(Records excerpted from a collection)
====

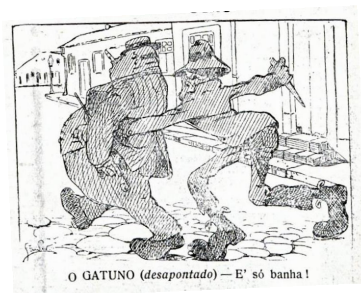
Figura 1: Ilustração “Desillusão”.

fevereiro de 1911 explora aquelas características, quando o seu ilustrador 306 apresenta a figura do gatuno segurando uma arma branca na mão, e abordando um outro personagem distraído na rua. A pretensa vítima, certamente, é um burocrata pois foi comum a identificação desse personagem pelos traços do pançudo, de alguém com feições esféricas e rosto arredondado, como se vê a seguir.
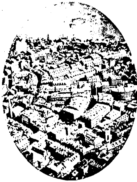
รูปที่ 15.2 ภาพเมืองบอสตันในสหรัฐอเมริกา ถ่ายจากบอลลูนในปี ค.ศ. 1860
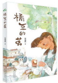
版本: 河北少年儿童出版社 作者: 邹超颖 《橘豆的茧》

本书追踪了1400年到1800年四个世纪以来多个欧洲国家的新闻史,展示了控制新闻的力量,新闻在政治、宗教改革和社会事件中的角色,新闻的娱乐性和时效性,记者的可信度,以及人们在推开新闻的世界之窗后发生的改变。今天,在一个被信息淹没的时代,人们如何在这种信息规模中相互沟通?读者或将在书中得到新的思考。 徐舒薇
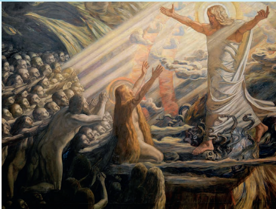
Joakim Skovgaard: Kristus i de dødes rige (1891-94) © Statens Museum for Kunst

sang og ord på skift reflekterer Langfredags begivenheder: Jesu korsfæstelse og død. I år medvirker begge pastoratets præster ved gudstjenesten i Rejsby kirke.
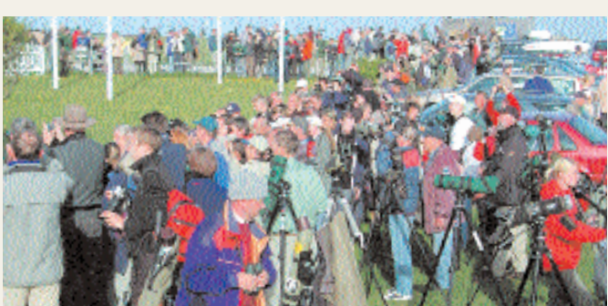
Närmare 600 skådare var på plats när gråsångaren visades upp. Nytt publikrekord för Ottenby. Här har det börjat tunnas ut, men några minuter innan bilden togs stod folk i fyrdubbla led runt hela stationsstaketet.

====

# Exercise directions
Set down the data exactly as it appears, without any images.

# Answer to this exercise
Figura 1: Ilustração “Desillusão”.

fevereiro de 1911 explora aquelas características, quando o seu ilustrador 306 apresenta a figura do gatuno segurando uma arma branca na mão, e abordando um outro personagem distraído na rua. A pretensa vítima, certamente, é um burocrata pois foi comum a identificação desse personagem pelos traços do pançudo, de alguém com feições esféricas e rosto arredondado, como se vê a seguir.
รูปที่ 15.2 ภาพเมืองบอสตันในสหรัฐอเมริกา ถ่ายจากบอลลูนในปี ค.ศ. 1860
版本: 河北少年儿童出版社 作者: 邹超颖 《橘豆的茧》

本书追踪了1400年到1800年四个世纪以来多个欧洲国家的新闻史,展示了控制新闻的力量,新闻在政治、宗教改革和社会事件中的角色,新闻的娱乐性和时效性,记者的可信度,以及人们在推开新闻的世界之窗后发生的改变。今天,在一个被信息淹没的时代,人们如何在这种信息规模中相互沟通?读者或将在书中得到新的思考。 徐舒薇
Joakim Skovgaard: Kristus i de dødes rige (1891-94) © Statens Museum for Kunst

sang og ord på skift reflekterer Langfredags begivenheder: Jesu korsfæstelse og død. I år medvirker begge pastoratets præster ved gudstjenesten i Rejsby kirke.
Närmare 600 skådare var på plats när gråsångaren visades upp. Nytt publikrekord för Ottenby. Här har det börjat tunnas ut, men några minuter innan bilden togs stod folk i fyrdubbla led runt hela stationsstaketet.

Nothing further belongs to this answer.